The black-garbed gunmen of the al-Mahdi Army also had virtual control of Kufa and Karbala, where Iraqi police lay low, allowing militiamen to move freely and acting only to prevent looting. Militiamen in Karbala clashed with Polish patrols that moved through their areas, and a cleric who was a senior official in al-Sadr's office in the city was killed.

Al-Sadr and his militia are unpopular among most of Iraq's Shiite majority, and there was no sign that the Shiite public in the south was rallying to their side to launch a wider popular uprising.

But the week's fighting showed a strength that few expected from the al-Mahdi Army.

In a statement Wednesday, Grand Ayatollah Ali al-Husseini al-Sistani, the most powerful Shiite cleric in Iraq, called for an end to the violence by all sides.

Al-Sistani "condemned the methods used by occupation forces in the current escalating situation in Iraq ... and any action that disturbs order and prevents officials from carrying out their duties," the statement said.

There also were signs of sympathy for the Sadr revolt by Sunni insurgents, who have been fighting the U.S.-led occupation for months and have often chided their Shiite countrymen for not joining in.

Portraits of al-Sadr and graffiti praising his "valiant uprising" appeared on mosque and government building walls in the Sunni city of Ramadi. Peaceful protests in support of al-Sadr occurred in the northern cities of Mosul and Rashad.

Monday night in Baghdad, al-Sadr gunmen went to a mainly Sunni neighborhood to join with insurgents there in firing on U.S. Humvees -- the only known instance so far of Sunni and Shiite militants joining forces.

The military also announced the deaths of two U.S. soldiers -- one killed in the Sunni Triangle city of Balad, north of Baghdad, on Tuesday, the other on Wednesday in an RPG attack on his convoy in the capital.

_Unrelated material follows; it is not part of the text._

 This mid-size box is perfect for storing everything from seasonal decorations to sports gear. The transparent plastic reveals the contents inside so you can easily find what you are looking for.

Anger was also spreading over the U.S. siege of Fallujah, one of the Sunni insurgents' strongest bastions, west of Baghdad. Iraqis protesting the operation clashed with U.S. troops outside the northern city of Kirkuk in fighting that left eight Iraqis dead and 10 wounded.

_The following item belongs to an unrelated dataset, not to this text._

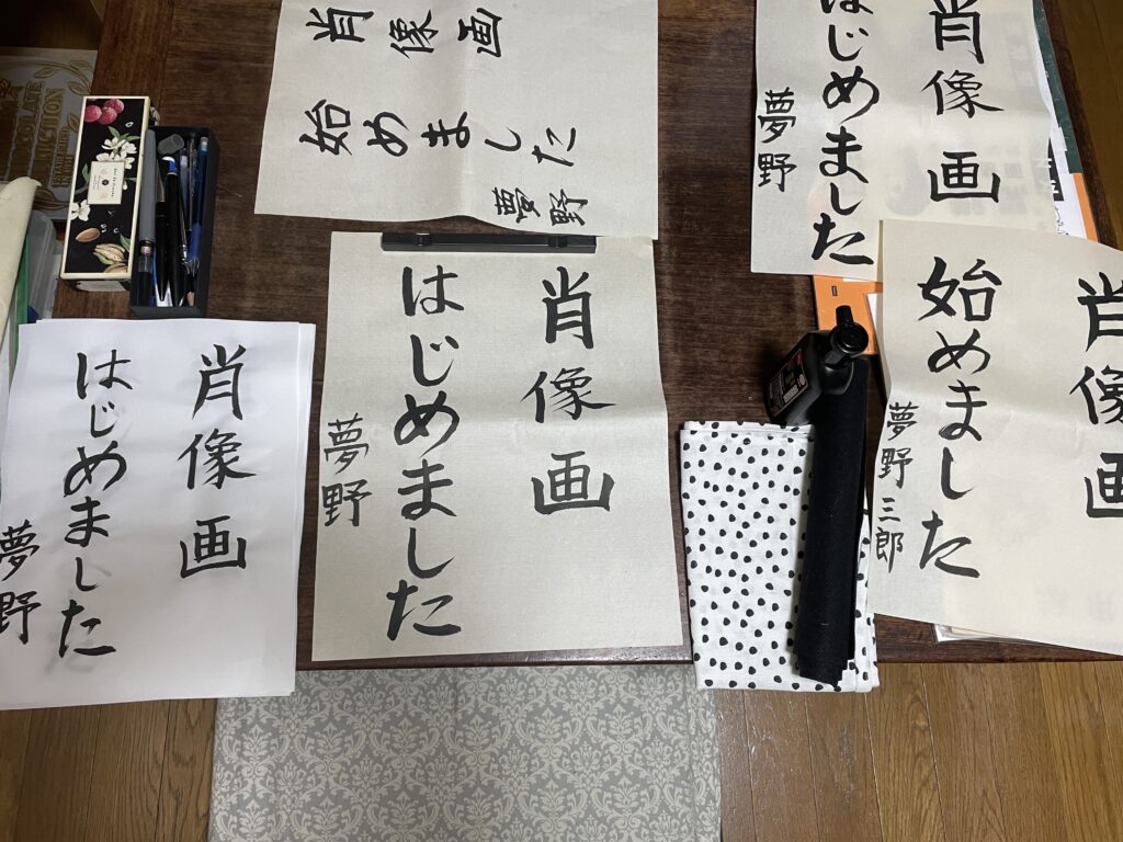春雨で少し寒くなりました。夢野のアトリエで張り紙をするシーンがあり久々に書道。10枚ほど書いていてだんだんマシになりもうこれ以上書けんし上手くてもしょうがないよ画家だから。という心境になりもうこれで完成とします。

The 12 Marines were killed Tuesday in Ramadi, where Maj. Gen. James Mattis, 1st Marine Division commander, said his forces still were fighting insurgents that included Syrian mercenaries.

In Fallujah, dozens of insurgents carrying RPGs and automatic weapons, their faces wrapped in scarves, dug in around an eastern entrance to the city, setting up sandbags. Three Marines have been killed there since Monday, the U.S. military said Wednesday.

Mosque loudspeakers blared calls for jihad, or holy war, and women were seen carrying guns in the streets.

Sixteen children and eight women were reported killed when warplanes struck four houses late Tuesday, said Hatem Samir, a Fallujah Hospital official.

On Tuesday, insurgents opened a new front with the bloody attack in Ramadi. Gunmen hiding in Ramadi's main cemetery opened fire on U.S. patrols, sparking a gunbattle, witnesses said, adding that at least two Iraqis were killed.

Kimmitt called for the surrender of al-Sadr, who is named in an arrest warrant for involvement in the murder of a rival Shiite cleric almost a year ago.

There was no sign, however, that al-Sadr's forces had eased their attacks:

-- Militiamen battled Spanish soldiers in Najaf, and a taxi driver was killed, a hospital official said.

-- Clashes erupted overnight in Baghdad's Sadr City, killing four Iraqis and wounding seven others, doctors said.

-- Militiamen traded fire with Polish troops in Karbala overnight, killing two Iranian tourists, witnesses said.

-- Gunmen attacked a police car Tuesday night in Youssifiya, south of Baghdad, killing two policemen.

With confirmation of the latest deaths, the American death toll since the war was at least 630.